**Records for this exercise:**
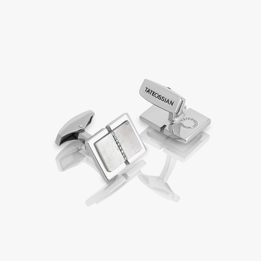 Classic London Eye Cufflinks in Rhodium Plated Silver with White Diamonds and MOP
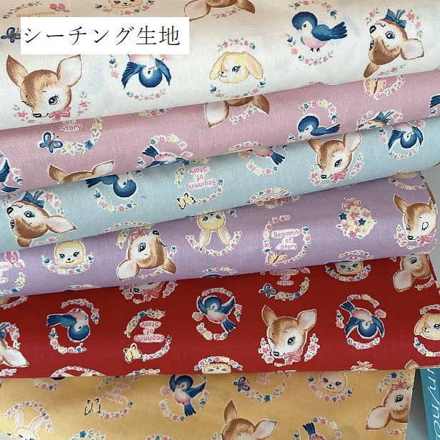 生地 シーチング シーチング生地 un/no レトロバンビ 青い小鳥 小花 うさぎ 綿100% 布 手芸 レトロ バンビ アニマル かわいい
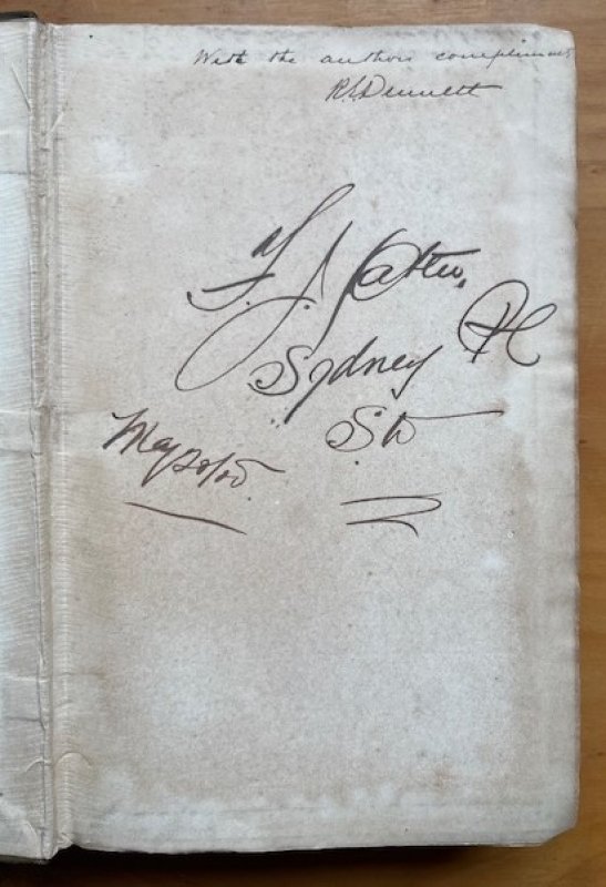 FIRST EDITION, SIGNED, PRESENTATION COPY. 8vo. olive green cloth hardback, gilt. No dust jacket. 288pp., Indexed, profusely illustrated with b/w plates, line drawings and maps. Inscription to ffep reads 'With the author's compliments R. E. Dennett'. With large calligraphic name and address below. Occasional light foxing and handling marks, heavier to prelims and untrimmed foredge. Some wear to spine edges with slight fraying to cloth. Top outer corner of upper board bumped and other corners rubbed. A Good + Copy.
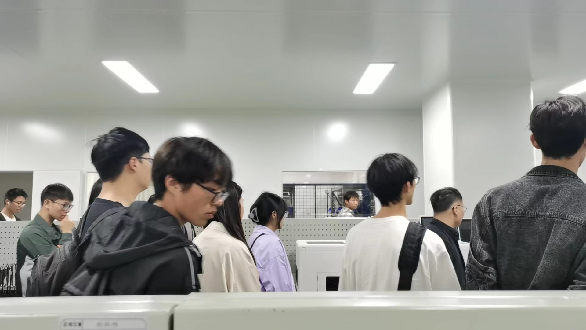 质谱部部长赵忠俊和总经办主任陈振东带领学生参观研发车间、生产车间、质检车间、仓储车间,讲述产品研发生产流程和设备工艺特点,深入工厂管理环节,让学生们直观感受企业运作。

==

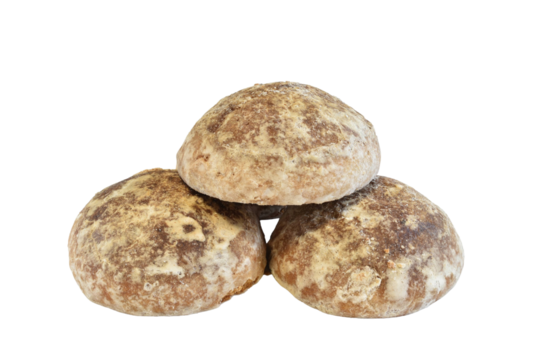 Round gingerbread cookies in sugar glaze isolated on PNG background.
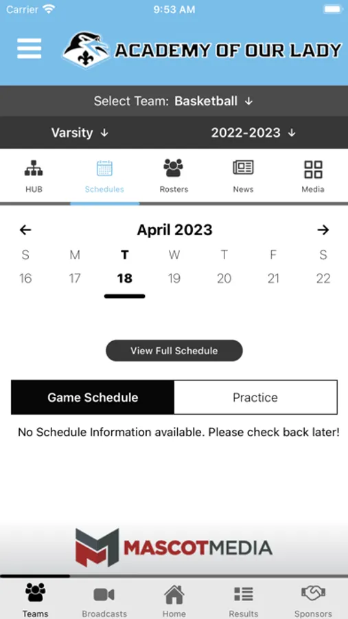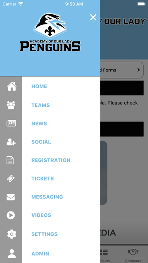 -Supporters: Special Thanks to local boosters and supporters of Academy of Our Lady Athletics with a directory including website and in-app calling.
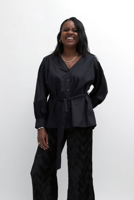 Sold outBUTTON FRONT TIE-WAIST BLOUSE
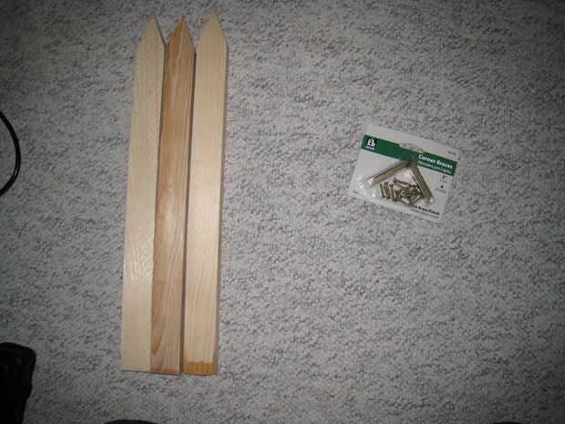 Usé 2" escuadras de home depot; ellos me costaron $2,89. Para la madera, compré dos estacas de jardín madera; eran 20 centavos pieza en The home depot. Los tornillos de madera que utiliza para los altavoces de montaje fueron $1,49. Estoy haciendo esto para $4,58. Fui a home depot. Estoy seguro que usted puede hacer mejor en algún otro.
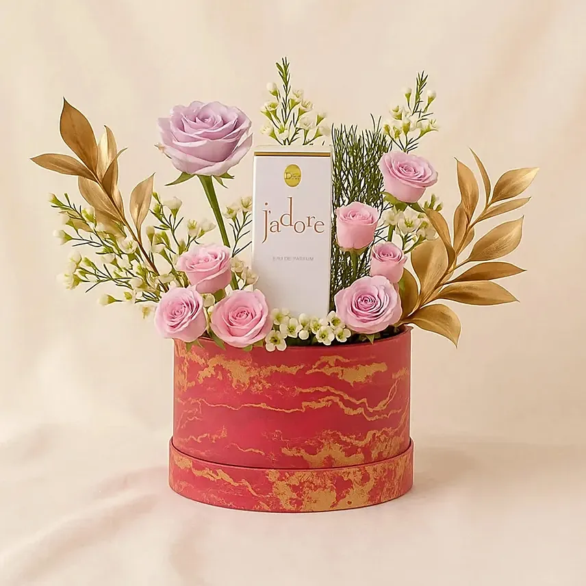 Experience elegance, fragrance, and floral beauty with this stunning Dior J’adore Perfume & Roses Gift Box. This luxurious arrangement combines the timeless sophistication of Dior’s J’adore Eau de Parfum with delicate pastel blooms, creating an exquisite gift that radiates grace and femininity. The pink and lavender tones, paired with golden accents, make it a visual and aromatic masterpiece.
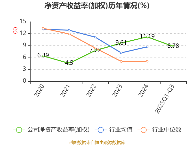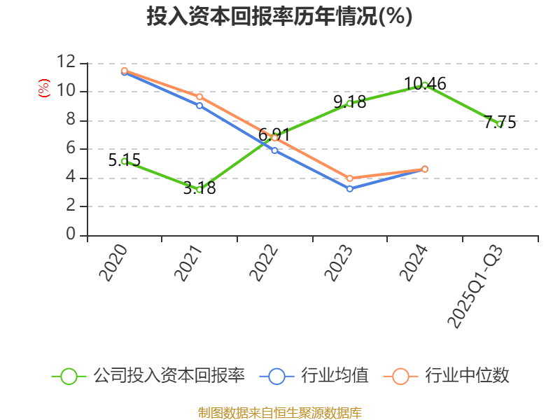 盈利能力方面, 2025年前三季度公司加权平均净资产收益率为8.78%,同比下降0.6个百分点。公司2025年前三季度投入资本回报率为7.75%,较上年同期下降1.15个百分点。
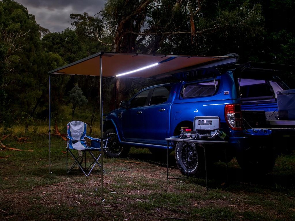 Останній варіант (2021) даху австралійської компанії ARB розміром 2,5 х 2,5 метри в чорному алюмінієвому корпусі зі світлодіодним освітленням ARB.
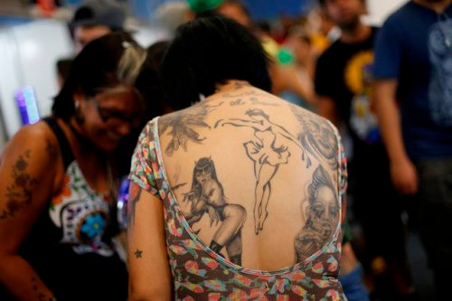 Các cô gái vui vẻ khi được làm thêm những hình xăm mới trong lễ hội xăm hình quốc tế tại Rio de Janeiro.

**Task prompt:** Copy exactly the lines of the entries above from the one containing "Classic London Eye" through the one containing "生地 シーチング シーチング生地". Both end lines count; pictures do not.

**Solution to this problem:**
 Classic London Eye Cufflinks in Rhodium Plated Silver with White Diamonds and MOP
 生地 シーチング シーチング生地 un/no レトロバンビ 青い小鳥 小花 うさぎ 綿100% 布 手芸 レトロ バンビ アニマル かわいい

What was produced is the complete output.